Of course, Ashcroft’s rehab is a byproduct of partisan opportunism. Gonzales is trailing blood in shark-infested political waters, and, by telling this story, Comey has thrown the flailing AG an anchor instead of a life preserver.

Still, there are some interesting lessons here. First, the attacks on Ashcroft were always grotesquely unfair. As a presidential candidate, Howard Dean — who often decries how Republicans question the patriotism of Democrats — saw nothing wrong with flatly asserting that Ashcroft was “not a patriot. He’s a direct descendant of Joseph McCarthy.” A second lesson is that the Christian scare that has been spooking liberals often amounts to mass paranoia. In 2001, USA Today’s former Supreme Court reporter asked, sincerely, “Can a deeply religious person be attorney general?” The bigotry of the question should be self-evident, and so should the answer. In almost every way, Ashcroft was the Bush administration’s most exemplary Cabinet official. An undisputed hawk on the war on terror, he was nonetheless immune to the groupthink that has plagued the Bush White House. From the sound of it, that independence improved administration policymaking.

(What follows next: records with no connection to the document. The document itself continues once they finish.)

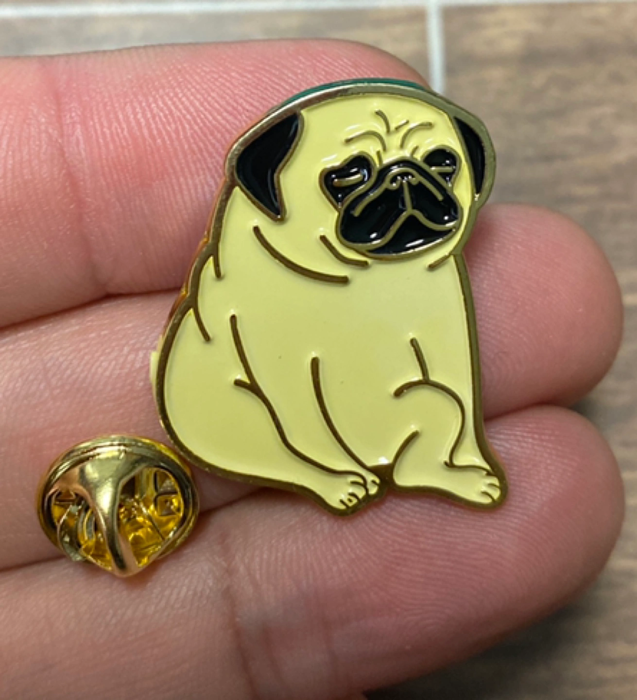 Cute enamel pin featuring a seated pug. Gold-coloured metal. Includes pin backing. Perfect for bags, jackets, or hats.
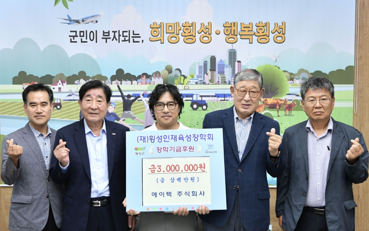 ▲ 에이텍 주식회사, 횡성인재육성장학회에 장학기금 전달 |
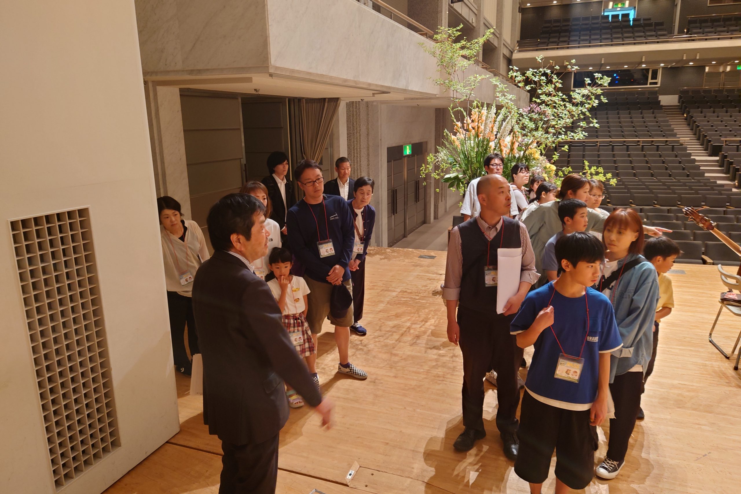 普段は入れない開場前のホールで、リハーサルの見学と舞台裏を見学するバックステージツアーを体験いただいた後、ご家族で演奏会をお楽しみいただきました。オーケストラの演奏を聴くのは初めてという方もいらっしゃいましたが、最後まで熱心に耳を傾けてくださいました。
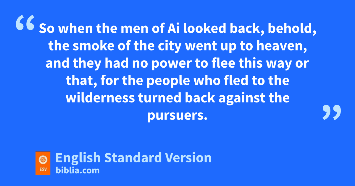 18 Then the Lord said to Joshua, s“Stretch out the javelin that is in your hand toward Ai, for I will give it into your hand.” And Joshua stretched out the javelin that was in his hand toward the city. 19 And the men in the ambush rose quickly out of their place, and as soon as he had stretched out his hand, they ran and entered the city and captured it. And they hurried to set the city on fire. 20 So when the men of Ai looked back, behold, the smoke of the city went up to heaven, and they had no power to flee this way or that, for the people who fled to the wilderness turned back against the pursuers. 21 And when Joshua and all Israel saw that the ambush had captured the city, and that the smoke of the city went up, then they turned back and struck down the men of Ai. 22 And the others came out from the city against them, so they were in the midst of Israel, some on this side, and some on that side. And Israel struck them down, until there was tleft none that survived or escaped. 23 But the king of Ai they took alive, and brought him near to Joshua.

It also improved Bush politically. In his first term, Ashcroft was the face of the Christian right in the Bush administration, serving as a valuable lightning rod, making Bush seem, and perhaps be, more reasonable. In his second term, Bush picked Gonzales, a quintessential yes man, to replace Ashcroft’s useful contrary voice. This only reinforced the bunker mentality that has so ill-served the White House.

Lastly, history — even freshly minted history — has a remarkable way of erasing conventional wisdom. If in 2002 I had written that by 2007 Democrats would be singing Ashcroft’s praises as a man of integrity and sound temperament, I would have been laughed out of the room. Right now, predicting a rehabilitation of George W. Bush elicits similar guffaws from the crowd. But the fact is if Ashcroft can be rehabilitated, anyone can.